Stitching Photo Mosaics

Image Warping, Mosaicing, and Automation

Gautam Mittal

Scroll down for Project 4B.

Shooting Scenes

Chemistry Library at UC Berkeley.
The interior walls of the Panoramic Berkeley apartment complex.
Philz Coffee at 1 Front Street, San Francisco, CA.

Recover Homographies

The goal of computing a homography is to solve the equation p' = Hp, where p is a set of points on one image and the homography matrix (H) transforms those points into warped points p' of another image. Since this matrix is a 3x3, there are 9 unknowns. However, rearranging this into a system of equations yields that one of the parameters of H is actually a free parameter which can be set to 1 for convenience. The following system of equations was used with 6-8 correspondences per pair of images in experimental results.

System of equations of solved to find a homography matrix H given a pair of images and their aligned correspondences. In experiments, we made this an overdetermined system by providing more than 4 correspondences (to deal with noise) and then solving with least squares. h33 is a free paramter that can be set to 1 for convenience.

Warp the Images and Image Rectification

Inverse warping with the H matrix was used to generate the new scene geometry, and below are some examples of warping being used to rectify an image such that a planar surface is frontal-parallel.

Left: Philz Coffee at 1 Front St, San Francisco. Right: Rectified image of painting in the original frame.
Left: UC Berkeley Chemistry Library. Right: Rectified image of tile on the ground.

Blend Images Into a Mosaic

Given a sequence of images, I first set the canvas coordinate system to be a translated version of the center image in the sequence. I then warped each image in the sequence and placed it on the canvas. To smoothly blend between images, I computed the intersecting area between a warped image and the rest of the canvas and used the middle line splitting the intersecting area as the axis to blend between the two images. The blend axis allowed for a smooth transition between images since this axis was blurred with a Gaussian filter. Below are results on three different scenes.

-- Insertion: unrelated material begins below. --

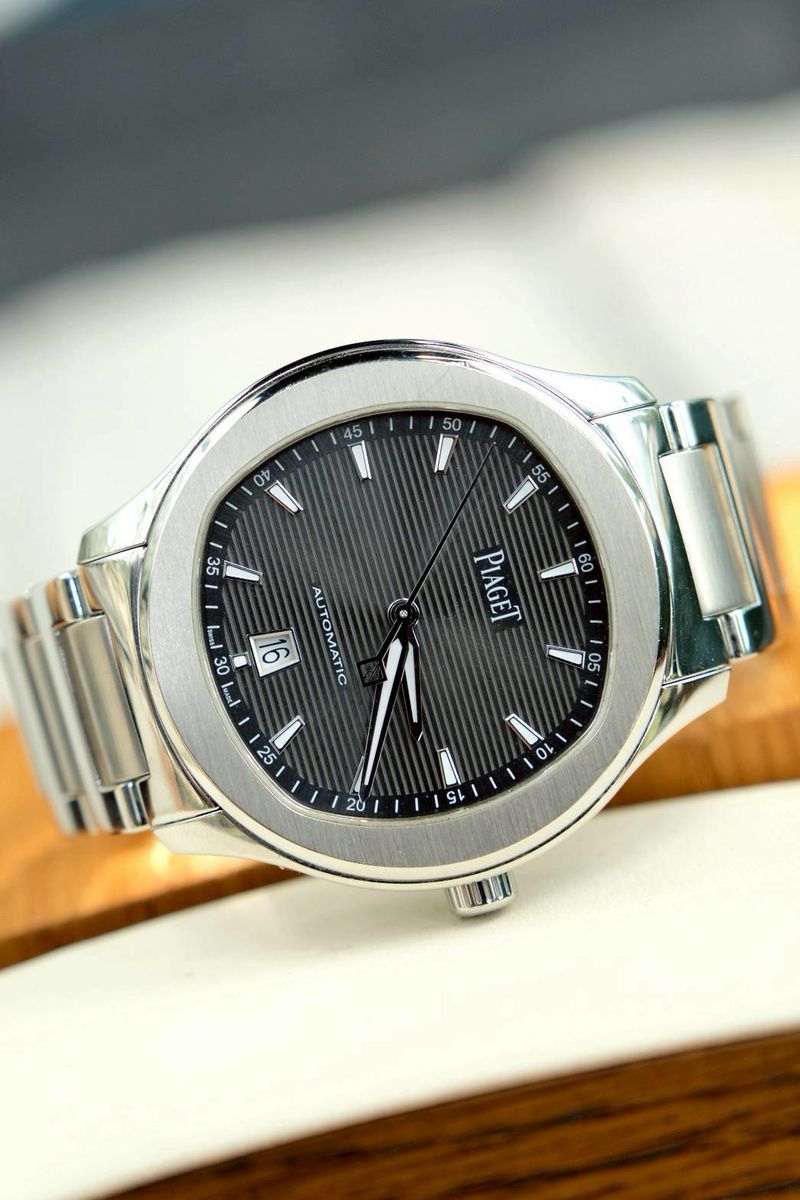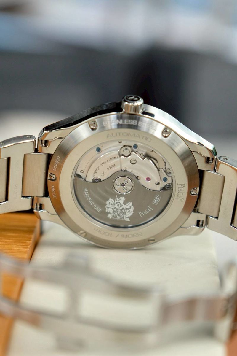 มาร์กเกอร์ชั่วโมงแบบมีสารเรืองแสงและวันที่ที่ตำแหน่ง 6 นาฬิกา เข็มวินาทีตกแต่งด้วยตัวย่ออักษร “P” แบบเจาะ (open-worked letter “P”) ซึ่งเป็นสัญลักษณ์ของ Piaget และฝาหลังโปร่งใส สามารถเห็นกลไกได้

Philz Coffee at 1 Front Street, San Francisco, CA.
Interior walls of the Panoramic Berkeley apartment complex.
View of the Chemistry buildings from the entrance to Lewis Hall, UC Berkeley.

Lessons Learned

I learned how to effectively leverage homography to automatically stitch images with manually assigned visual correspondences and that the algorithm for doing this is surprisingly simple! I also learned a lot about the algorithm's sensitivity to change of camera settings or alignment of correspondences across images (it is not very robust to noisy correspondences or images at this point).



Project 4B: Autostitching

Harris Interest Point Detection

Using the starter code provided, we collect a large number of candidate points of interest.

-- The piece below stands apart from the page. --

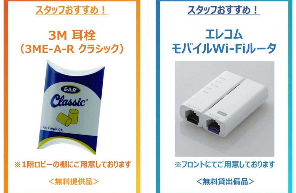 簡易的なものではございますが、無料提供品として「耳栓」をご用意いたしました。

Above: Harris corner points with min_distance=1, edge_discard=20 on the first image from Philz. Below: Harris corner points on the second image from Philz.

Adaptive Non-Maximum Supression

Using the ANMS technique presented in the MOPS paper, I compute the minimum supression radius for each interest point with c_robust=0.9. The points are then sorted by their minimum supression radius and the top 500 points are kept.

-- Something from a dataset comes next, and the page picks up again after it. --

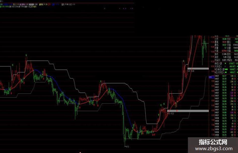指标取自网络,本人做了点外观上的优化,先谢谢最早写这个指标的老师的无私付出,个人将之作为常设主图,结合别的附图指标,感觉还是有一定指导作用,就是有大部分指标的通病,卖点出的有点延迟,但波段获利还是不错的,用法很简单和布林线类似,但有买卖点波段提示:1、中间波段指导线相当于布林中轨,红买绿卖,黄色为观望阶段,可能转势,特别是转为跌势 2、支撑压力,相当于布林上下轨,特别是当支撑线走平,出买点,红线向上时,是个相对安全的买点,无法冲过压力线压制,压力线走平,注意回调可能 3、上升下降通道中的反弹或者持股待涨,公式是死的的,只能其辅助作用,具体操作看个人的理解,结合其他指标共同判定比较好用

The minimum supression radius for an interest point is defined as:

Above: ANMS result (top 500 points) with c_robust=0.9 on first image. Below: ANMS result (top 500 points) with c_robust=0.9 on second image.

Feature Extraction and Matching

Feature descriptors are generated by taking a 40x40 window around each point of interest returned by ANMS, blurring the window with a Gaussian filter, and then downsampling to 8x8. Each feature descriptor is standardized to have 0 mean and 1 variance. To match descriptors across images, we compute the SSD between each descriptor and all descriptors in the other image. We use Lowe's trick and only keep a match if the ratio between the 1-NN error and 2-NN error is less than 0.3.

Matched points between the two images.

RANSAC

To remove outliers, RANSAC (as described in lecture) is run for 1000 iterations with epsilon=0.1 to find a robust set of inliers for computing the homography.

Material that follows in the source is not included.